Abstract: Granular cell tumor (GCT) is a rare benign soft tissue tumor with nonspecific clinical manifestations, leading to frequent misdiagnosis. We retrospectively analyzed the clinical, histopathological and immunohistochemical features of 4 cases of cutaneous GCT diagnosed at Dalian Dermatosis Hospital from January 2020 to January 2025, to improve its recognition and management.
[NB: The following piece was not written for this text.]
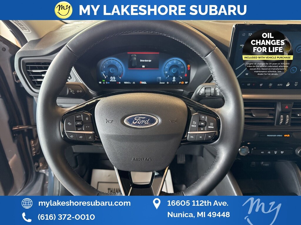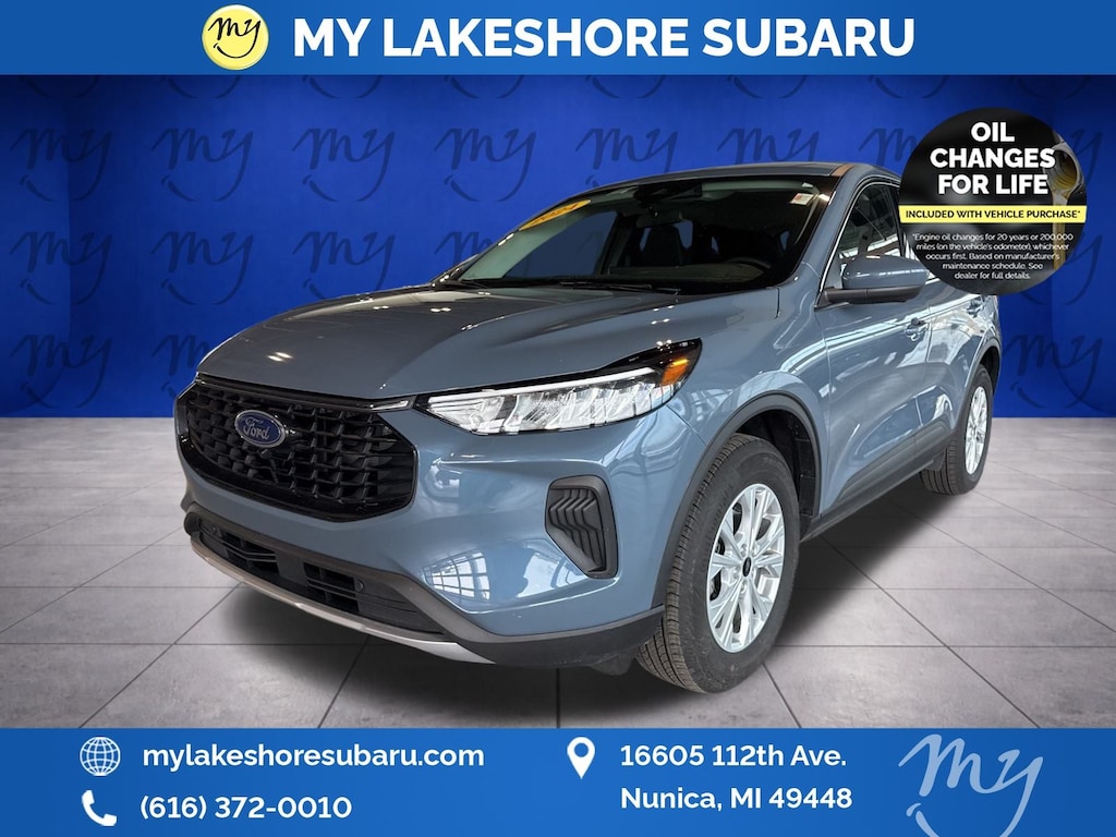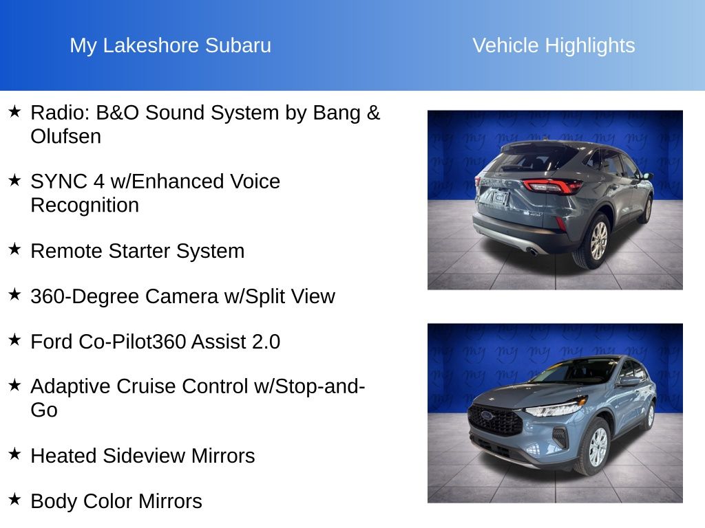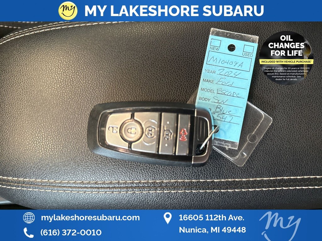 Escape Active, AWD, Vapor Blue Metallic, *ALL WHEEL DRIVE*, *APPLE CARPLAY & ANDROID AUTO*, *BACKUP CAMERA*, *BACKUP SENSORS*, *BLIND SPOT MONITORING*, *HEATED SEATS*, *HEATED STEERING WHEEL*, *LANE DEPARTURE WARNING*, *LOCAL TRADE*, *OIL CHANGES for LIFE*, *PREMIUM SOUND*, 10-Way Power Driver's Seat, 12.3" Productivity Screen in Instrument Cluster, 360-Degree Camera w/Split View, 6-Way Power Passenger Seat, Adaptive Cruise Control w/Stop-and-Go, Body Color Mirrors, Cold Weather Package, Connected Navigation, Equipment Group 200A, Ford Co-Pilot360 Assist 2.0, HD Radio, Heated Front Row Seats, Heated Sideview Mirrors, Heated Steering Wheel, Intersection Assist, Memory Package, Radio: B&O Sound System by Bang & Olufsen, Rear Parking Sensor, Remote Starter System, Reverse Brake Assist, Speed Sign Recognition, SYNC 4 w/Enhanced Voice Recognition, Tech Pack #2, Wireless Charging Pad. Vapor Blue Metallic 2024 Ford Escape Active AWD 8-Speed Automatic 1.5L EcoBoost

All 4 patients were female, aged 35-50 years with a mean age of 42.25 years; the disease course ranged from 1 to 4 years with an average of 2 years. The lesions were located on the vulva, scalp, posterior neck and abdomen, with a mean tumor diameter of approximately 2.5 cm, and 2 cases were accompanied by pain. Histopathology showed that tumor cells were diffusely distributed in sheets, nests or cords, with polygonal or oval cells, small nuclei, and abundant cytoplasm rich in eosinophilic granules. Immunohistochemical staining revealed that all 4 cases were positive for S-100, SOX10, CD68 and Vimentin, and negative for Desmin, MelanA and CK (AE1/AE3), with a Ki-67 proliferation index of ＜5%. All patients underwent complete surgical resection, and no recurrence was observed during the follow-up period of 12-37 months.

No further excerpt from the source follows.